La decadencia no es exclusiva de los romanos. Los egipcios fueron creadores de imponentes y majestuosas esfinges, templos y pirámides. En Astérix y Cleopatra (1965), sus decrépitos palacios y viviendas, de trasnochadas arquitecturas de tendencia cubista, parecen estar siempre a punto de derrumbarse.

Los constructores de la mítica Alejandría utilizan métodos, herramientas y materiales obsoletos. Las piedras que sirven de base se trasladan por el río Nilo desde lejanas canteras y sufren constantes saqueos y accidentes que retrasan y encarecen las obras.

Además, los esclavos se soliviantan exigiendo, no ya una manutención digna, sino una disminución de latigazos por parte del capataz que, en clara correlación con la productividad, dispara los índices de absentismo. Las técnicas de persuasión con los equipos directivos en pos del logro de los objetivos corporativos son extremos: o serán carnaza para los cocodrilos sagrados del Nilo o se les enrunará de oro.

Afortunadamente, nuestros galos favoritos propondrán innovadoras soluciones como remodelar la logística salvaguardando la trazabilidad de la valiosa cadena de suministros y apostar por el kilómetro cero invirtiendo en canteras que producen nuevas materias primas mediante la investigación y la innovación.

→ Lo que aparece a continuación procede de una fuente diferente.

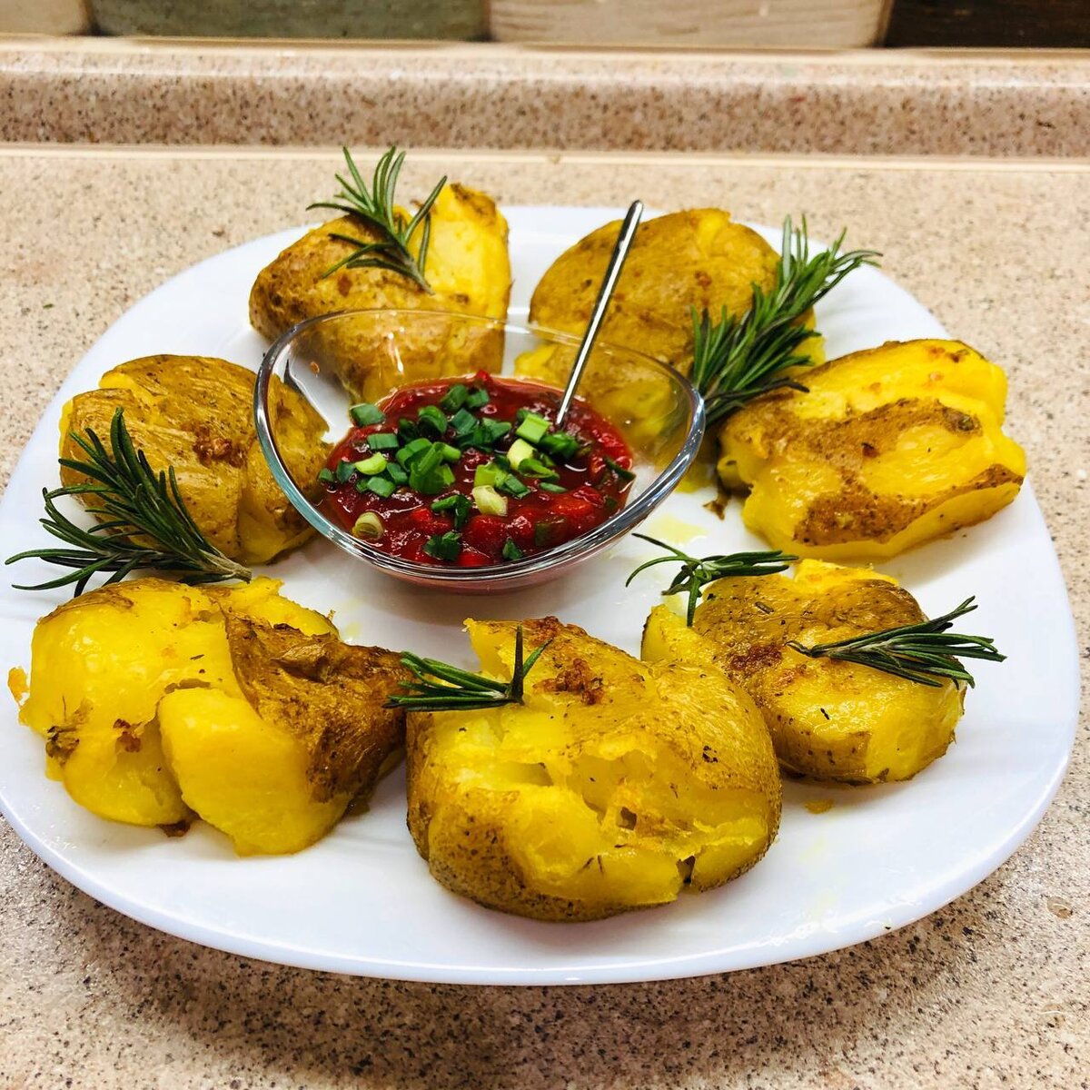 5. Обильно смазать картофель заправкой с обеих сторон и отправить в предварительно разогретую до 180 °C духовку на 20 минут. И вот, всего пять шагов, и перед вами великолепное блюдо, готовое к подаче.

¿Cómo motivar a carretilleros, albañiles y peones? Mediante el diálogo con ese grupo de interés, los caciques comprenderán que el salario económico unido a salario emocional y al salario reputacional, alinea el cumplimento de los objetivos de todas las partes.

La poción mágica del druida Panorámix otorga fuerza sobrehumana por lo que los zurriagazos dejarán de ser necesarios, lo que aumentará su motivación y productividad. Sin penuria alguna, los trabajadores trabajan con jolgorio y armonía y las obras avanzarán sin pausa.

La extrema competitividad entre los insignes arquitectos Numerobis y Paletabis producía efectos perversos y prácticas indeseables rayando la elusión legal. Sin embargo, gracias a la leal intermediación de la administración pública liderada por Cleopatra, se entenderá que la colaboración es una herramienta que genera más valor.

De esta manera, emergen nuevas habilidades basadas en la especialización y el trabajo en equipo como la rehabilitación de edificios ya existentes antes que por desarrollar nuevos desde cero optimizando el uso de materiales y disminuyendo efectos perniciosos como la contaminación (estética o de generación de vertidos).